Week 6: NLTK I, Getting started with NLTK. Ok. So we're changing gears. We've looked at the networks in Wikipedia. Now we'll put together the tools for working with the text. This first week is going to be a walk in the park (I still feel bad for making you download all those philosopher pagers) - so we'll just be installing the software, reading the book a bit, and solving some exercises. Easy-peasy. (Plus, if you're behind, today's light load makes it a nice day to catch up on everything else). As always, in case the link above doesn't work, you can also see the file here on github.
- Reading: Natural Language Processing with Python, first edition (NLPP1e) Chapter 1, Sections 1.1, 1.2, 1.3. (It's free online) and NLPP1e Chapter 2.1 - 2.4.
Week 7: NLTK II, A mixed bag of useful tricks. Now, let's get real and work with some language/text. I'm taking you through the dreaded chapter 3 of NLPP1e, talking about TF-IDF as a way to summarize what is important about a document, and we'll be getting into sentiment.

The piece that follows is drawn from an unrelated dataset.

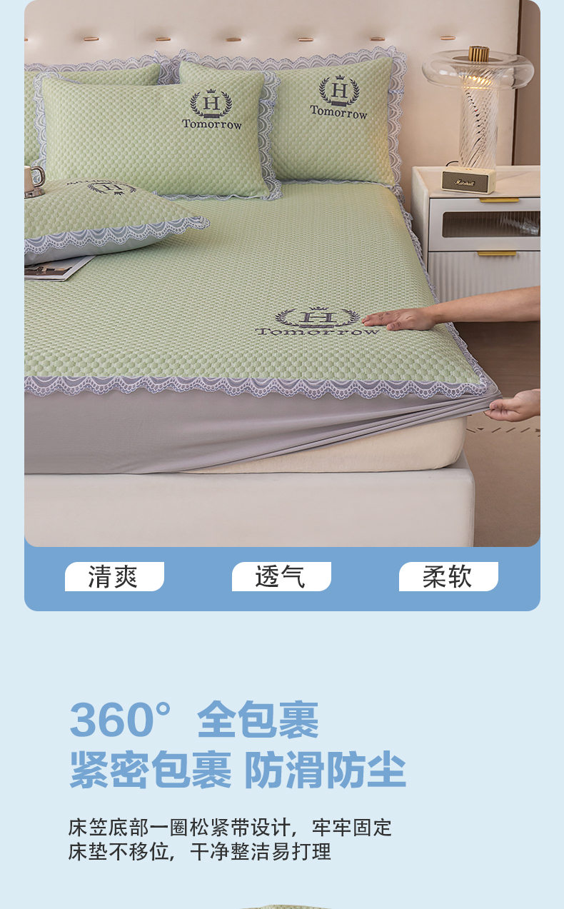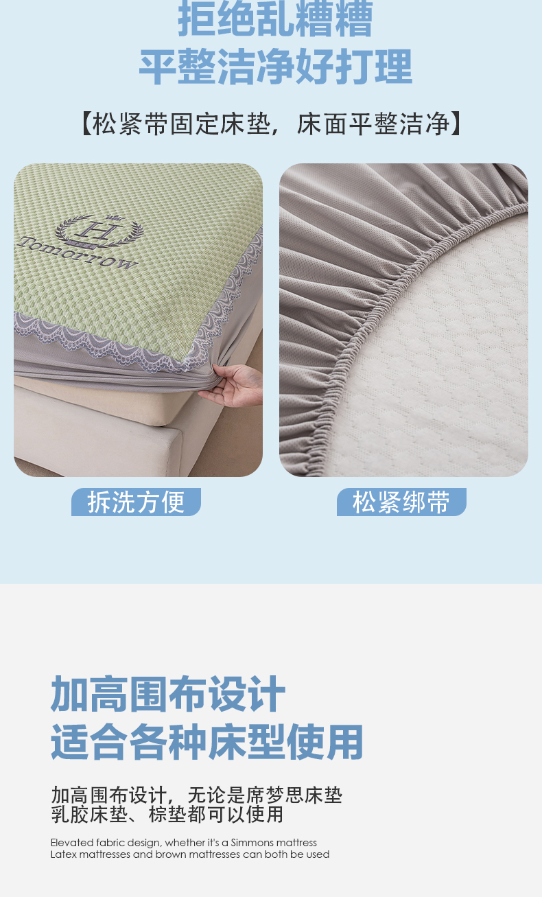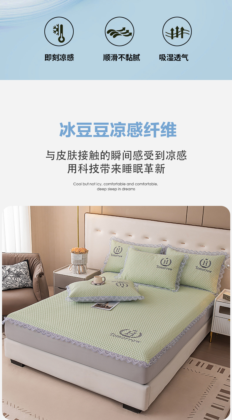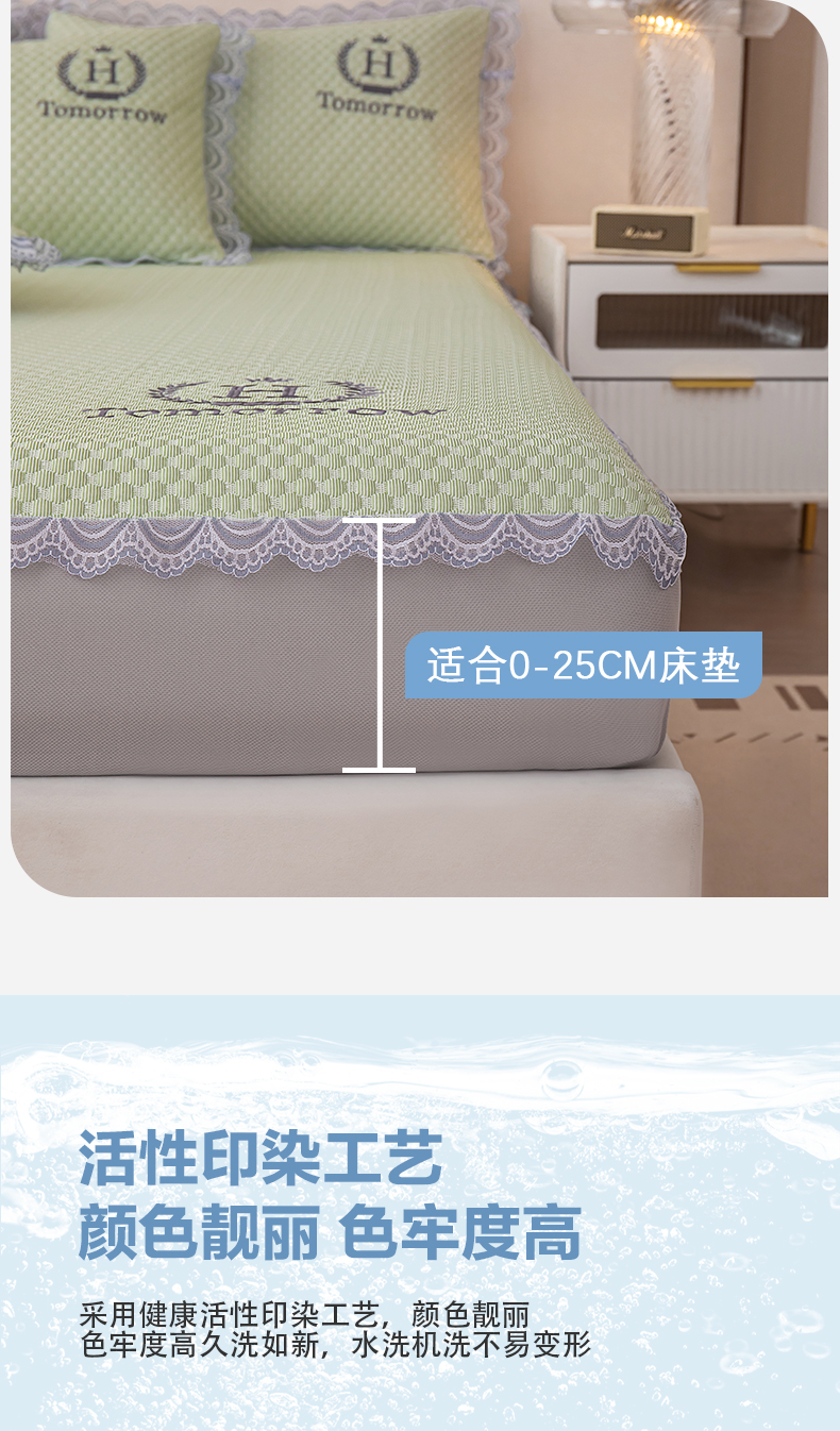 (总)优姿家纺 2025新款500克冰豆豆床裙凉席三件套,冰川蓝,高级灰,公主粉,奶油咖,青草绿,天空蓝

- Reading I: NLPP Chapter 3.1, 3.2, 3.3, 3.4, 3.5, 3.6, 3.7, 3.9, and 3.10. It's not important that you go in depth with everything here - the key think is that you know that Chapter 3 of this book exists, and that it's a great place to return to if you're ever in need of an explanation of regular expressions, unicode, etc.
- Reading II: Check out the wikipedia page for TF-IDF.
- Reading III: Temporal Patterns of Happiness and Information in a Global Social Network: Hedonometrics and Twitter
Week 8: NLTK III, Networks and text, all together. This week is about putting network science and text analysis together to understand how humans navigate Wikipedia to find information. There is no reading, just data analysis!